Tra l’altro, sembrerebbe si siano verificati casi di miocardite, pericardite e nefasti epiloghi correlati all’inoculazione.

Sono del tutto comprensibili e giustificabili le paure di chi non intende vaccinarsi laddove il rischio reale di danni irreversibili. Esistono, altresì, persone con patologie che il Servizio Sanitario Nazionale non riconosce idonee a giustificare l’esenzione dall’obbligo vaccinale, ma che se si vaccinassero verrebbero esposte a rischio di trombosi o altra insorgenza patologica anche grave. 

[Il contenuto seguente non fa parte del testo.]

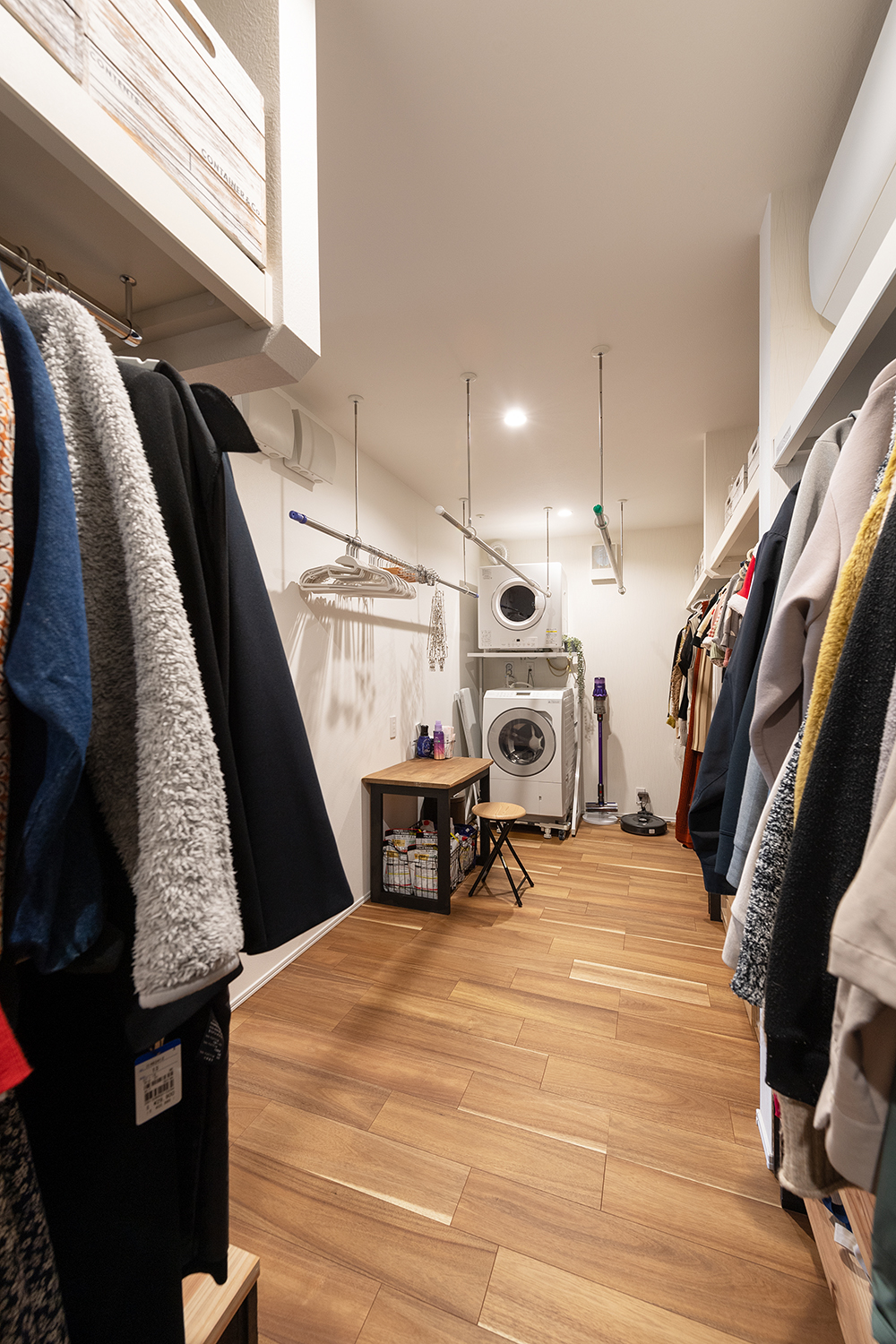 二世帯分の衣類を納められる大容量のファミリークローゼットはランドリールームを兼ねており、洗濯から収納までを完結できます。
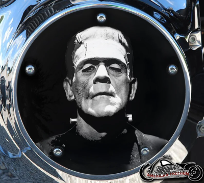 Transform your Harley Davidson into a bold statement of individuality with this custom handmade derby cover. Featuring an iconic black and white portrait of Frankenstein, this durable aluminum cover is crafted with precision and designed to turn heads. Made in the USA by skilled artisans, it’s the perfect blend of artistry and performance.
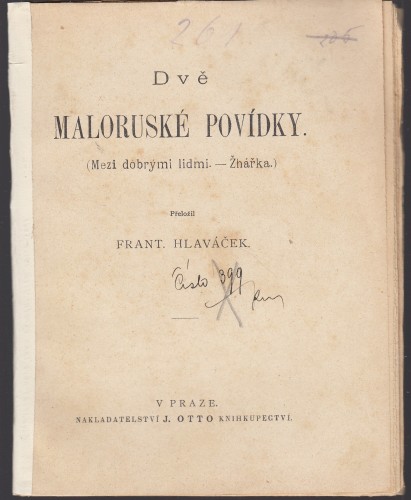Svazek obsahuje dvě samostatné ukrajinské povídky: Mezi dobrými lidmi — Ivan Franko (1856–1916) Franko je jeden z nejvýznamnějších ukrajinských spisovatelů, básník, prozaik, publicista a politický myslitel. Povídka tematizuje mezilidské vztahy, sociální prostředí a morální napětí v komunitě. Žhářka — Vasil Čajčenko (1863–1910) Čajčenko (též Vasyl, Vasyľ) patří k méně známým ukrajinským realistům. Povídka se zabývá provinčním prostředím, sociální nespravedlností a tragickým osudem ženy obviněné z žhářství.

Queste sono reali situazioni che nessun medico si prende la briga di certificare, rimandando ad un rimbalzo di scarico di responsabilità tra medici di famiglia, ematologi, pneumatologi, cardiologi, angiologi ed altri specialisti che temono di andare contro le direttive del Ministero della Salute. 

Tanto premesso, pare del tutto discriminatoria e denigratoria l’imposizione del possesso del “certificato verde” (dal 6 dicembre u.s. “Super Green Pass” con ulteriori restringimenti delle libertà individuali) per poter svolgere la propria attività lavorativa ed esercitare i più basilari diritti”. 

E conclude “Quanto sopra esposto, il Libero Sindacato di Polizia – LI.SI.PO. fa appello al Suo autorevole supremo giudizio perché valuti se le azioni coercitive intraprese dalle Autorità Governative Italiane contravvengano o meno ai principi di libertà garantiti anche dalla Costituzione Italiana.

Voglia, altresì, valutare se siano comunque garantiti: il principio del nullum crimen sine lege; il diritto al rispetto della vita privata e familiare; le libertà di pensiero, di coscienza e di espressione; il divieto di discriminazione e il divieto di abuso dei diritti. 

Quest’Organizzazione Sindacale auspica vivamente Voglia adoperarsi per quanto in Suo potere, al fine di adottare eventuali provvedimenti sospensivi dell’obbligo vaccinale e del relativo green pass quale conditio sine qua non per l’esercizio dei fondamentali diritti umani”.